Fission Fragment Nuclear Propulsion Variants and Technical Details

The problem with space nuclear propulsion is NOT raw power, but how to eliminate waste heat. The more efficiently we can generate thrust, the less waste heat produced.

Can we have our cake and eat it too? Can we have a non-thermal nuclear propulsion minimizing waste heat?
* Yes. By making the fuel into dust.

There is the original dusty fission fragment version. These systems can have ISP of 500,000 to 1.5 million. However multi-gigawatt systems would have only a few dozen newtons of thrust. The systems could potentially reach 5% of the speed of light.

There is also afterburner versions that trade specific impulse for thrust.

Increasing thrust by 10 times at the expense of a reduction by a factor of 10 in specific impulse brings about an interesting tradeoff between the mission duration and the propellant expended. An ―afterburne, the physical implementation of this thrust increase, injects an inert gas into the FFRE exhaust beam. This concept is proposed for a future NIAC study. The figure shows one example of how the afterburner engine would be used in which thrusting is terminated early so that the deceleration needed to match the Jupiter orbit is minimized. This means that an Earth Departure requires 4 days rather than 55 days and introduces a long coast period. The result is that the mission duration nearly matches that of the hypothetical HOPE NEP mission using only 16.5 mT of propellant (vice 400 mT of LH2 for HOPE). Of the fuel used, about 0.25 mT would be the expensive nuclear fuel. This represents only a five percent increase in vehicle size mass. If the same mission was optimized instead for minimum mission time, the vehicle would be accelerating roughly half the way and decelerating into Jovian orbit the other half. With the afterburner engine attributes the same, this would result in Jupiter missions on the order of a year and a half each way and a total round trip propellant expenditure of about 90 mT, including less than 1 mT of nuclear fuel.

The dusty fuel is nanometer sized particles of slightly critical plutonium carbide, suspended and contained in an electric field. A moderator of deuterated polyethylene reflects enough neutrons to keep the plutonium critical, while control rods adjust the reaction levels. The moderator is protected from reaction chamber heat by a heat shield, an inner layer composed of carbon-carbon to reflect infrared radiation back into the core. The heat shield coolant passes through a Brayton cycle power generator to create some electricty, then the coolant is sent to the heat radiator.

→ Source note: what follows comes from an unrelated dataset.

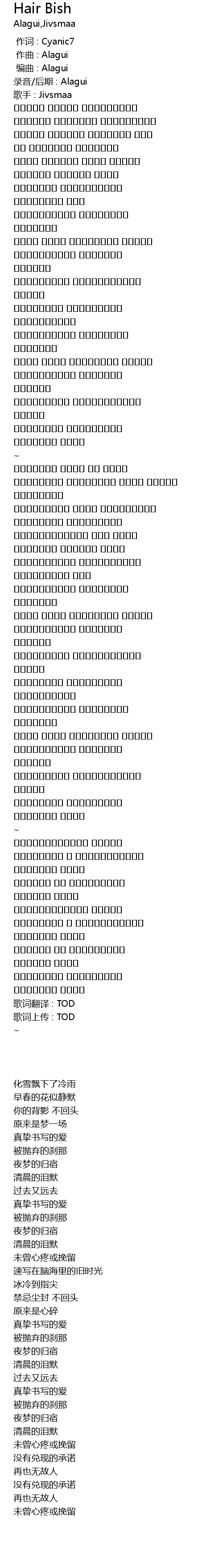 | [00:00.000] | 编曲 : Alagui |

The details of Werka’s initial generation FFRE can be found in the diagram below. The reaction chamber is about 5.4 meters in diameter by 2.8 meters long. The magnetic nozzle brings the length to 11.5 meters. The fuel is uranium dioxide dust which melts at 3000 K, allowing a reactor power of 1.0 GW. It consume about 29 grams of uranium dioxide dust per hour (not per second). Of the 1.0 GW of reactor power, about 0.7 GW of that is dumped as waste heat through the very large radiators required.

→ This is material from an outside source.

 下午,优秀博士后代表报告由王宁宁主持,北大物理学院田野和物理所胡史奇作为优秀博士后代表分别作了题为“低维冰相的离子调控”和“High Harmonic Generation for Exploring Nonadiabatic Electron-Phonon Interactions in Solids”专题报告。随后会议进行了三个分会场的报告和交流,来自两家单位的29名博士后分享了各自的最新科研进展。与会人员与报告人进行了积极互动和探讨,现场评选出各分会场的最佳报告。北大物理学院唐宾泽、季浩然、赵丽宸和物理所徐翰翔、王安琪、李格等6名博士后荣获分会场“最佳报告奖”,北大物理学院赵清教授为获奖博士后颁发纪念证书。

The second most massive component is the magnetic mirror at the “top” of the reaction chamber. Its purpose is to reflect the fission fragments going the wrong way so they turn around and travel out the exhaust nozzle. Surrounding the “sides” of the reaction chamber is the collimating magnet which directs any remaining wrong-way fragments towards the exhaust nozzle. The exhaust beam would cause near-instantaneous erosion of any material object (since it is electrically charged, relativistic, radioactive grit). It is kept in bounds and electrically neutralized by the magnetic nozzle cage.

Engine	Isp	Thrust
FFRE	527,000 sec	43 Newtons
AFFRE	32,000 sec	4,651 Newtons

Dusty-plasma fission-fragment nuclear rocket that can provide both thrust and electricity for a mission to Mars, substantially improving over the 40+ year old NERVA. It is able to achieve higher power (~5GW) than NERVA (~1GW) through its innovative dusty core that cools very efficiently by radiation. It is able to achieve higher specific impulse (~100,000s) than NERVA (~800s) or DS1 (~10,000s) by emitting fission fragments at a few percent of the speed of light where the charged dust is confined by strong magnetic and electric fields, which also transfer the thrust. It uses modern neutron moderators that are about 100 times more effective and lighter weight than NERVA, for a “wet” mass of a few tons. It can produce electricity directly from the charged fission fragments at about 85% efficiency, with less thermal radiators than the corresponding Carnot process of “nuclear-electric”. The environmental impact of radioactive exhaust for starting the rocket in low-earth orbit amounts to approximately one years worth of natural C14 production, depending on space weather. And finally, it uses proven HEU or Pu reactor fuel, which other than its processing as dust, is readily available.